The current architecture is strongest in five places:
- it gives the model a smaller and more legible working representation
- it uses the skill layer well instead of assuming a custom CLI is self-evident
- it turns several multi-step workflows into stable task-level actions
- it keeps packaging simple
- it preserves benchmark artifacts rather than making unsupported claims
It is also worth being explicit about the weak points.
The v0.4.0 split moved runtime behavior from one large file into scripts/notion/ with separate layers for converters, helpers, actions, and CLI dispatch. scripts/actions.mjs remains as the CLI entry point and import surface. The split reduced coupling, but the action class is still assembled from method-bag modules, so cross-action dependencies can still appear.

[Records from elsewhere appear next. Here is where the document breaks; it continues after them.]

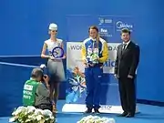 In 2015, and leading up to the World Championships, Sjöström received the Jerring Prize and a Victoria Scholarship.[46] Approximately two months earlier, at the 2015 Eindhoven Swim Cup in April, she became the first female Swedish swimmer to achieve a time faster than 1:00.00 in the 100 metre backstroke, setting a new Swedish record with a personal best time of 59.98 seconds.[47] At the 2015 World Aquatics Championships, held in July and August, she won a total of five medals, including gold medals in the 50 metre butterfly and 100 metre butterfly events, during the latter she broke the world record twice, first with a 55.74 in the semifinals then again with a 55.64 in the final.[48][49] Her gold medal in the 50 metre butterfly was the first gold medal she won at a FINA World Aquatics Championships. With both of the gold medals, she also became the first Swedish swimmer to win two World Championships gold medals during a single World Aquatics Championships. In the 100 metre freestyle, she won the silver medal with a time of 52.70 seconds, sharing the podium with Australian sisters Bronte Campbell, gold medalist, and Cate Campbell, bronze medalist.[50]
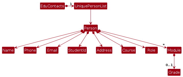 Person object stores StudentId, Name, Address, Phone, Email, Role, Course objects.Module objects which is optional.Person objects (e.g., results of a search query) as a separate filtered list which is exposed to outsiders as an unmodifiable ObservableList<Person> that can be 'observed' e.g. the UI can be bound to this list so that the UI automatically updates when the data in the list change.UserPref object that represents the user’s preferences. This is exposed to the outside as a ReadOnlyUserPref objects.Note: An alternative (arguably, a more OOP) model is given below. It has a Role list in the AddressBook, which Person references. This allows AddressBook to only require one Role object per unique role, instead of each Person needing their own Role objects.
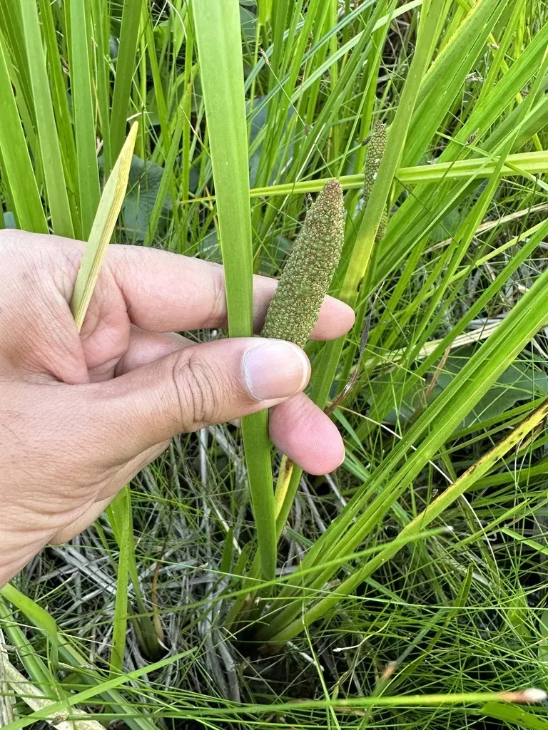 Acorus americanus is a perennial, aquatic herb native to North America, known for its sword-shaped leaves and aromatic properties.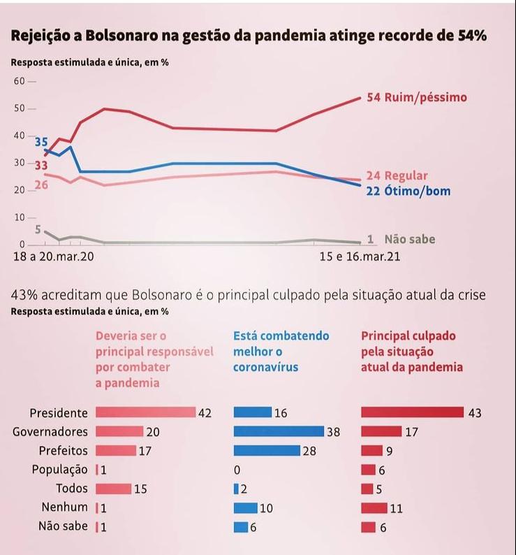 A rejeição à ação de Jair Bolsonaro na gestão da pandemia da Covid-19 disparou ao maior nível desde que a crise sanitária começou, há um ano, segundo pesquisa do Datafolha divulgada nesta quarta-feira (17). 54% dos brasileiros veem sua atuação como ruim ou péssima. Na rodada passada, realizada em 20 e 21 de janeiro, 48% reprovavam o trabalho de Bolsonaro. 45% dizem nunca acreditar em Bolsonaro.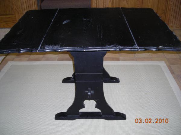 Drop leaf table, made of wood. 2 wood pull outs on each side to support leaves. It was painted black when I purchased the item.

Notion's API evolves, especially around databases and data sources. A representation-heavy CLI like this has more surface area to keep aligned.
The code does some rollback-related work, but it is easy for docs to accidentally sound stronger than the implementation.
The benchmark tells you something useful, but only within a local, prompt-injected, interface-comparison setting. It is not a universal judgment on all forms of MCP.
notion-agent-cli/
├── .claude-plugin/
│ └── plugin.json
├── hooks/
│ ├── hooks.json
│ └── check-setup.sh
├── scripts/
│ ├── actions.mjs
│ ├── setup.mjs
│ └── notion/
│ ├── index.mjs
│ ├── converters/
│ ├── helpers/
│ ├── actions/
│ └── cli/
├── skills/
│ └── notion-agent-cli/
│ ├── SKILL.md
│ └── references/
├── benchmark/
│ ├── run.py
│ ├── fixture-reset.mjs
│ ├── validate-session.mjs
│ ├── analyze-behavior.mjs
│ ├── parse-sessions.mjs
│ ├── analysis.ipynb
│ └── BENCHMARK.md
├── tests/
│ ├── property/
│ └── unit/
├── README.md
├── ARCHITECTURE.md
└── EVALUATION.md
The right way to read this repository is not "a complete Notion platform" and not "an anti-MCP manifesto."
It is a focused interface experiment with a usable implementation behind it:
- markdown as the agent-facing representation
- task-level actions instead of endpoint-level primitives
- code absorbing API friction that the model should not have to reason about
That makes the architecture narrower than a general integration layer, but also more coherent. The repository works best when it stays honest about that.